The saying “clear moon, frost soon” is applicable to all regions of the Earth, because when the sky is clear, there is no insulating cloud cover to prevent frost, so during the winter, a clear moon can be a strong indicator of frost. “Halo around the moon, rain or snow soon” is a bit less reliable; the halo is caused by crystals in the sky, which may or may not develop into wet weather. You may also have heard weather proverbs about stars huddling together before poor weather; these proverbs reference the fact that when heavy cloud cover obscures much of the sky, it can look like the visible stars are clinging to each other.
A particularly colorful weather proverb is “mackerel scales and mare's tails make tall ships take in their sails.” This proverb references the appearance of the sky in advance of a major storm. The cirrus clouds which often drift in front of a low pressure system do look sort of like lumpy fish scales. Closer to home, many people believe that smoke curling downward is a sign of poor weather, and they are right, as it indicates a low pressure system.

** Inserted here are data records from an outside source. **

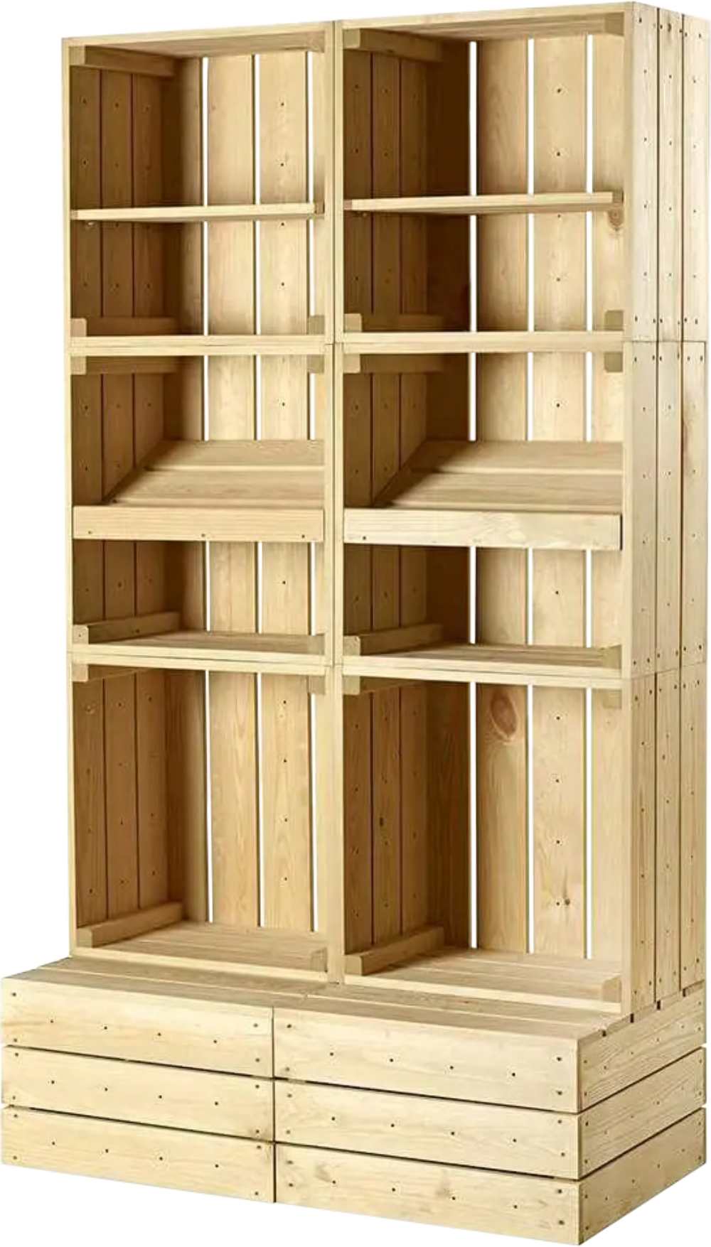 The pre-assembled components join together securely with inter screws requiring no expensive shopfitter. The attractive European pine will complement your existing fixtures. Plus it can be easily incorporated into your retail space. Connect multiple units together to fit any wall, bay or window. Additional units will require extra inter screws. Please note: We recommend fixing large CrateWall displays to the wall for extra stability.
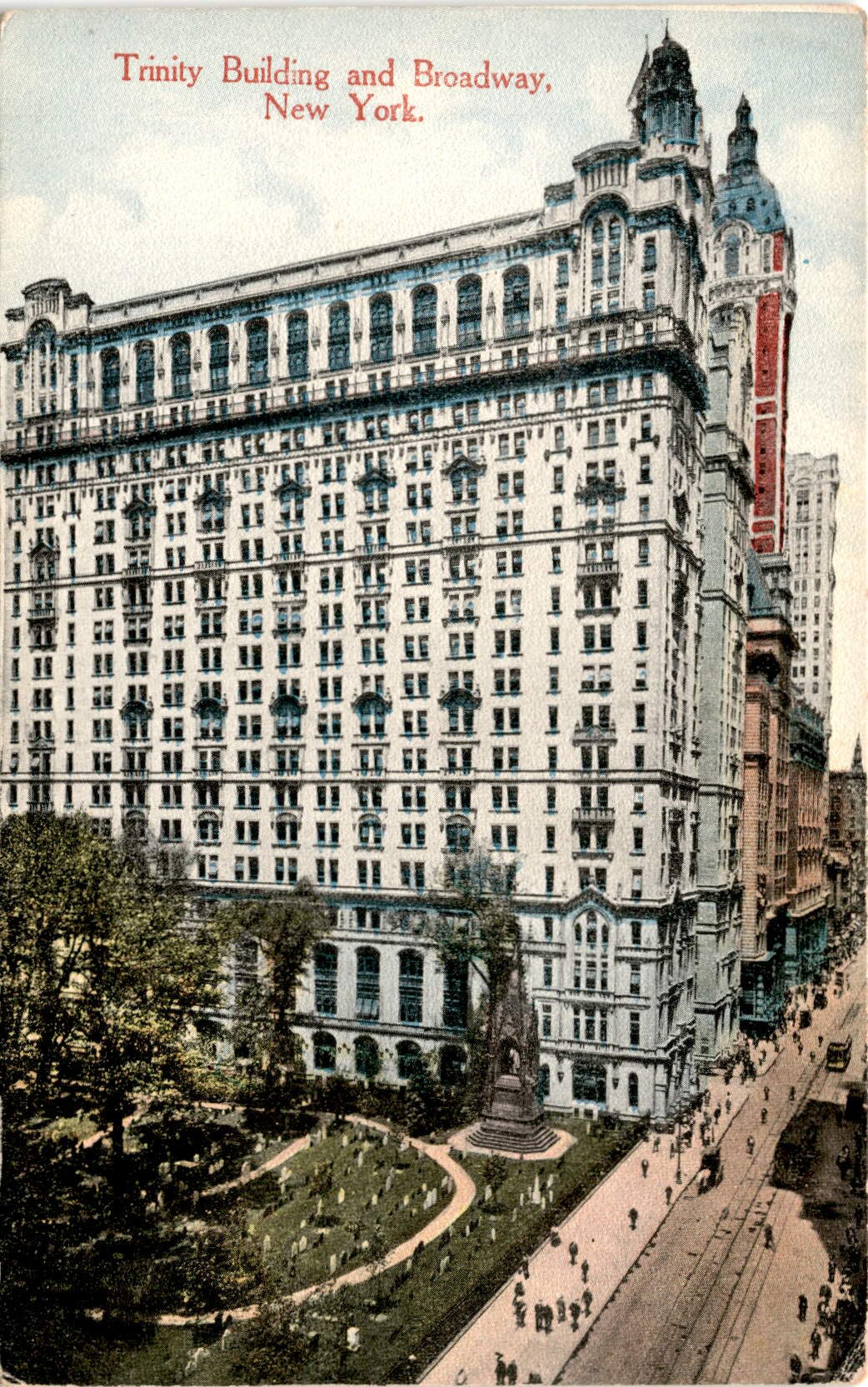 The Trinity Building is a modern office building located at 111 Broadway in New York City, just south of Trinity Church. It is known for its pure Gothic architecture and stands at a height of 308 feet. The building is supported by 70 pneumatic caissons, each sunk 75 feet below the sidewalk.
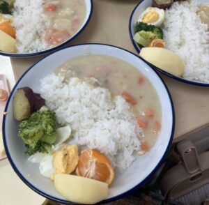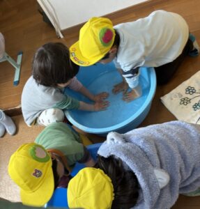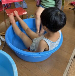 お部屋で足湯を用意して入ります。2歳児さん、年少さんは足もいれて、しゃがんだりとくつろいでいました。年中さんも足湯をするのかと思ったのですが(そこは自由)、年長Rちゃんがやらなかったので、年中A君以外はやりませんでした。やらないで、と指示したわけではないのですが同じことがしたい、何か言われたらいやだという気持ちがあるのだと思います。子どもたちの関係は正解はなく、誰かが困っていたり嫌がっていたら言葉をかけることもありますが、基本的には見守っています。大人が介入しない分、自分で考えて行動すること、人のせいにしないことが、できていると感じています。子どもたちの関係をみていて大人も同じだなぁ、と学ばせてもらっています。

You don't have to look to the skies for weather proverbs. Many regions of the world have some variation of this proverb: “seagull, seagull, sit on the sand; when you're on shore, poor weather's at hand.” As biologists are well aware, many birds roost in advance of a storm to ensure that they stay safe and sound, so when seagulls hunch on the shore, it can be a sign of an incoming storm.
I inherited a wealth of old weather proverbs and sayings from my father, who heard them all from his father, a survivor of the dust bowl. My favorite is, “When the spider builds her silky web, expect the sun above your head.”
I’m not sure where this originates but it’s true that spiders don’t build webs when the weather is going to turn poor.
Growing up in the farm country of Wisconsin, we heard every old weather saying ever spoken. My granddad, a dairy farmer, was fond of saying, “When the cows start to huddle, expect a puddle.” That one has a basis in truth, too. Cows somehow sense the change in the air pressure before a storm and will cluster together under trees. Some say that’s so they don’t get struck by lightning (which happens to cows more often than people realize).
My grandmother had her own favorite, “Bees and smart women never get caught in the rain.” I don’t know if there’s any truth to that or not, but I’ve never seen a bee in the rain.